Lady Drury's Closet (also known as the Hawstead Panels) is a series of painted wooden panels of early 17th-century date, currently installed in the room over the porch of Christchurch Mansion in Ipswich, Suffolk, England.
They originally decorated a so-called painted closet, about 7 feet square, adjacent to a bedroom in Hawstead Place, near Bury St Edmunds.
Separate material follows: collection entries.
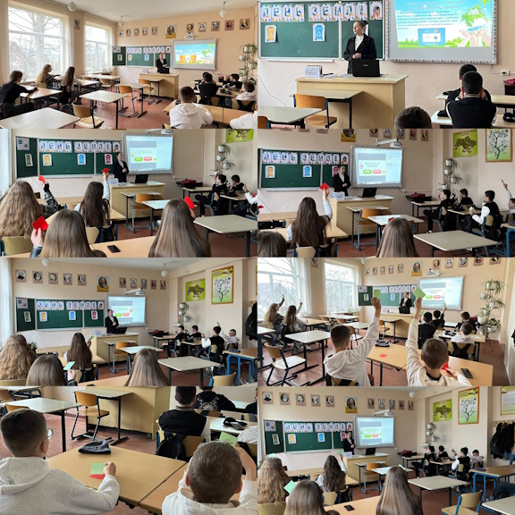 Учителька географії Чабрун Мар’яна Олександрівна організувала змістовний урок для учнів 7-В класу. Під час уроку школярі взяли участь у грі «Норм чи стрьом» та обговоренні «Екологічні проблеми та їх вирішення (еко-місії)». Вони поглибили свої знання про актуальні екологічні виклики, замислилися над шляхами їх подолання та усвідомили важливість дбайливого ставлення до природи.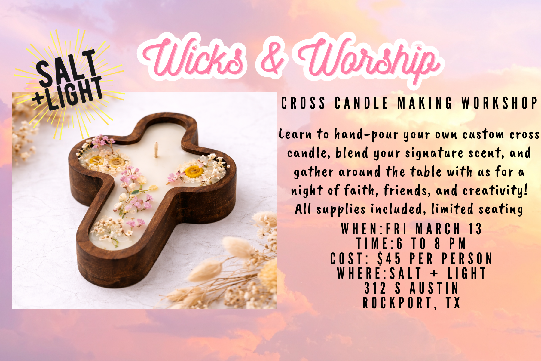 WHEN: Friday March 13 TIME: 6-8 PM We’re lighting up the studio for a night of creativity, connection, and candles. Join us at Salt + Light as we hand-pour custom cross candles from start to finish. You’ll blend your own signature scent, pour your wax, set your wick, and design a candle that’s completely personal […]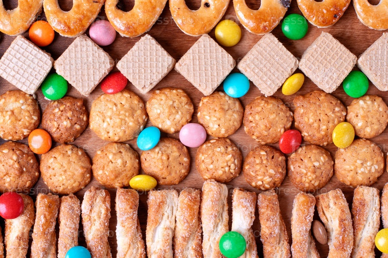 Печенье и вафельный ассортимент рядами и разноцветные конфеты-драже. Вид сверху. Фон кондитерских изделий
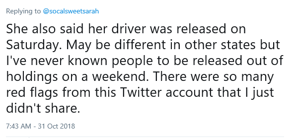 Then, random claims their driver was released from holding the morning they announced the sting — which was on October 27th, Saturday AKA the weekend.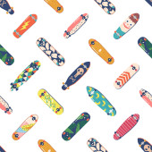 Bezszwowe komiks stylu mody tło z deskorolka, słuchawki i znak pokoju. Wektor wzór Retro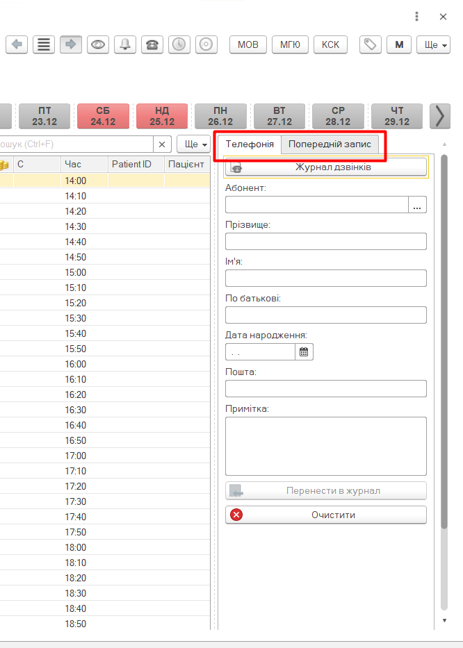 Якщо в момент виклику поле «Пацієнт» не заповнене, є сенс одразу після взяття слухавки і появи панелі (або заповнення даних в ній, якщо вона відкрита) натиснути кнопку «Перенести в журнал», тоді «абонент» буде перенесений в блок «Інформація про пацієнта» зліва, а поля в телефонії будуть одразу очищені і вся подальша робота вже буде проходити «зліва», а панель телефонії можна буде закрити.

It is believed they were made for the private devotions of Lady Elizabeth Drury, wife of Sir Roger Drury of Hawstead and Hardwick, who died in 1615. They were removed to Hardwick House, Suffolk, probably by Sir Roger, before 1615; and when the Hardwick House contents were sold in 1924, they were purchased for and installed in Christchurch Mansion when it had already become the home of the Fine and Decorative Arts collections of the Ipswich Museum.
The panels contain a series of emblems of the kind associated with emblem books—images fashionable throughout Europe for private religious meditation in that age. The original sequence of the emblems has become muddled. In addition to their importance for the study of emblems in general, they are significant because the Drurys were patrons of the poet and divine John Donne, two of whose elegies were written following the death in 1610 of their daughter Elizabeth Drury—namely, An Anatomy of the World and The Second Anniversarie of the Progresse of the Soule. The epigrammatic and verbally or visually paradoxical themes of the paintings are, however, linked more directly to the themes and techniques of meditation developed in the writings and sermons of the preacher Joseph Hall, who was chaplain and spiritual advisor to Lady Drury at Hawstead.